◆ Data for this task:
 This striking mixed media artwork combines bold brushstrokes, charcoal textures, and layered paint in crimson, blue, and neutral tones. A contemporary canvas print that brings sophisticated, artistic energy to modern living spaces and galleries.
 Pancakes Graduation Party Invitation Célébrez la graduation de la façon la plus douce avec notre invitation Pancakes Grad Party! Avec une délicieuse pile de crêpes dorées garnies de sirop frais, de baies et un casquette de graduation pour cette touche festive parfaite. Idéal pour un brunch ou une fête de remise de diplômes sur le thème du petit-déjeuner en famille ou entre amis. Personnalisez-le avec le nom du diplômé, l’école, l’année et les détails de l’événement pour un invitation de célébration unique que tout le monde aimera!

==

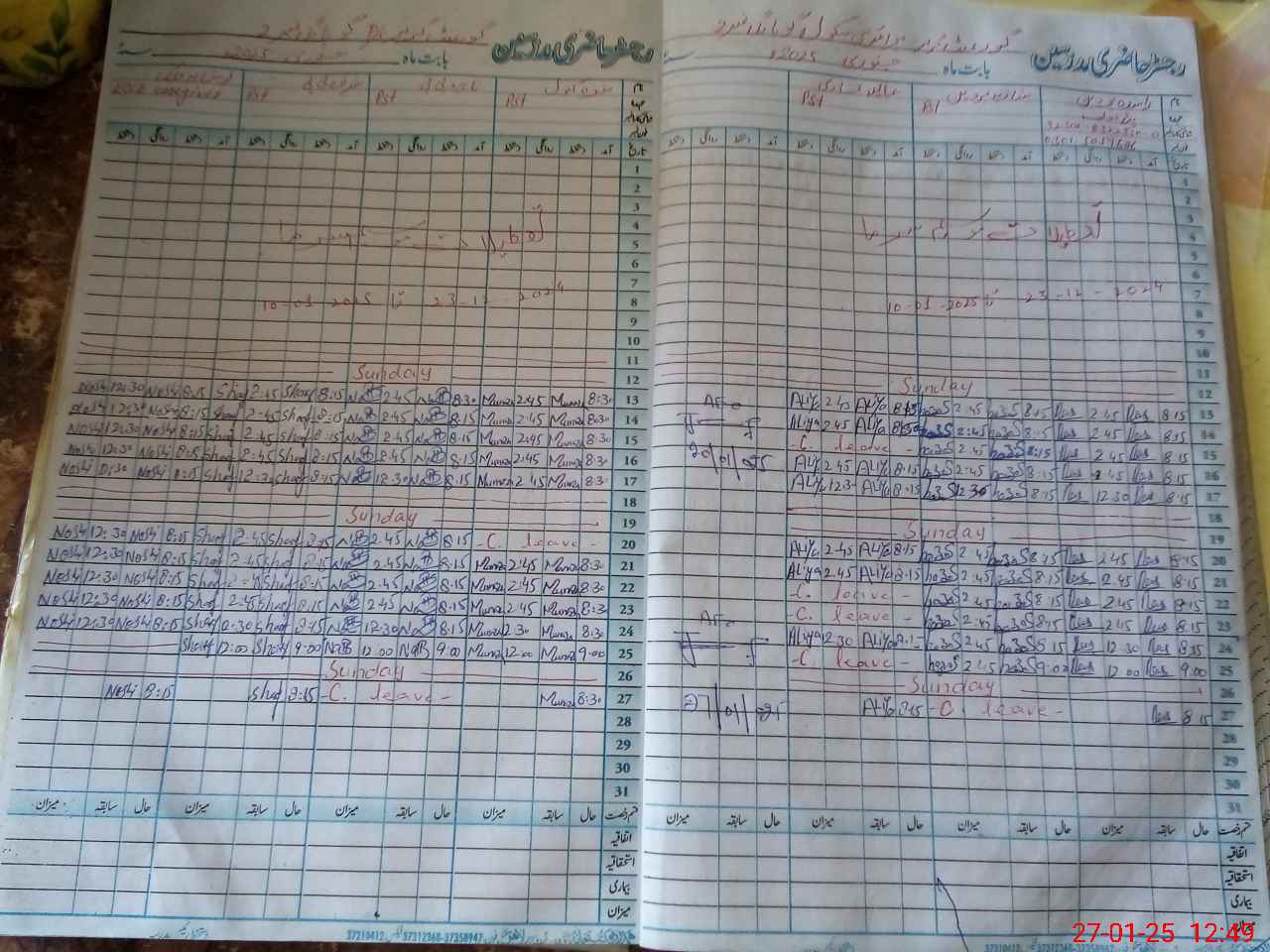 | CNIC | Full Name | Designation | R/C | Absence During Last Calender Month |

◆ What this task involves: In the listing above, find the line containing "This striking mixed" and the line containing "Pancakes Graduation Party", then repeat those two lines and everything between them exactly.

◆ Answer to this task:
 This striking mixed media artwork combines bold brushstrokes, charcoal textures, and layered paint in crimson, blue, and neutral tones. A contemporary canvas print that brings sophisticated, artistic energy to modern living spaces and galleries.
 Pancakes Graduation Party Invitation Célébrez la graduation de la façon la plus douce avec notre invitation Pancakes Grad Party! Avec une délicieuse pile de crêpes dorées garnies de sirop frais, de baies et un casquette de graduation pour cette touche festive parfaite. Idéal pour un brunch ou une fête de remise de diplômes sur le thème du petit-déjeuner en famille ou entre amis. Personnalisez-le avec le nom du diplômé, l’école, l’année et les détails de l’événement pour un invitation de célébration unique que tout le monde aimera!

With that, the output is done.